Monday, November 17, 2008

$200 Million Typo

Typos are always embarrassing, but how would you like to be responsible for a typo that, a court rules, fatally costs your client money? Not fun, particularly if the amount of money involved is $200 million. As you can see here, a U.S. government lawyer had this unhappy experience -- but was rescued at the last minute.

A certain Walter Anderson was convicted, by guilty plea, of income tax evasion. Apparently, Anderson used "a complex scheme involving several foreign corporations" to hide about $450 million in earnings over five years.

Now, let's just pause for one second here. If I earned $450 million over five years, I think I would be happy to pay the $200 million or so I would owe in taxes and live fabulously on the $250 million I'd have left. I don't think giving up the $200 million would bother me that much. But then, perhaps that's why I haven't earned $450 million. Maybe, to earn that much, you have to want every penny of it. Maybe I just don't have the right attitude.

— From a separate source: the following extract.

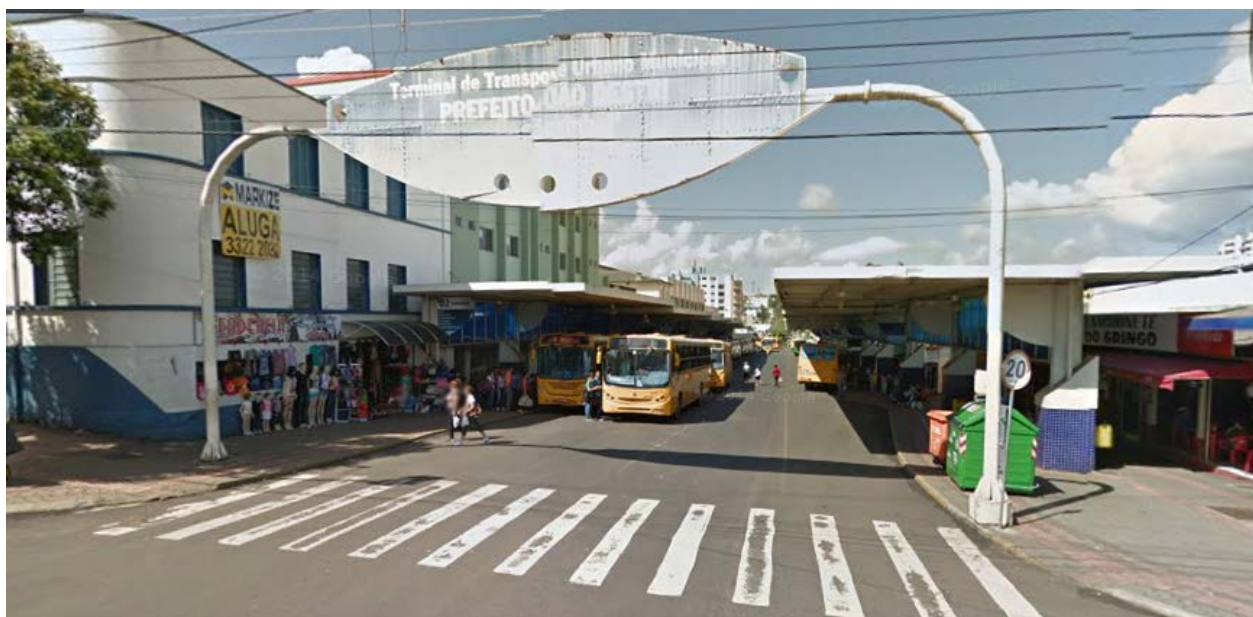
Figura 1: Terminal de ônibus urbano de Chapecó-SC.

Anyway, Anderson wanted that $200 million so much that he risked going to prison for it, which he is now doing -- for nine years (that's why I still think my attitude works better). But here's the funny part: the plea agreement provided that "the court may order restitution pursuant to 18 U.S.C. § 3572." The obvious purpose here was that the court sentencing Anderson to prison would also have power to order him to pony up the taxes he'd evaded. But there was one little problem: 18 U.S.C. § 3572 isn't the restitution statute. It's the fines statute. The restitution
statute is 18 U.S.C. § 3663.

Oh, that's just "a typo" and not "something that the court should be getting wrapped up about," said the U.S. attorney. Not so fast, said the district court. Under the applicable statute, the court only had power to order restitution "to the extent agreed to by the parties in a plea agreement," and the plea agreement only permitted restitution under a non-applicable statute, so there was no power to order restitution. Sorry, your typo cost the government $200 million.

Actually, the error was not really a "typo"--no one tried to type "3663" and accidentally hit the keys for "3572." It was more like a "wrongo" or even a "stupido"--someone deliberately put in the number of the wrong statute.

In any event, the court of appeals came to the rescue, ruling (correctly, I would say) that (1) the restitution statute requires authority for restitution in a plea agreement, but does not require citation to the restitution statute in the agreement, and (2) the other conduct of the parties made it very clear that they intended the plea agreement to provide restitution authority. So they allowed restitution.

So all's well that ends well, but how would you like to be the attorney who made what might have been a $200 million error?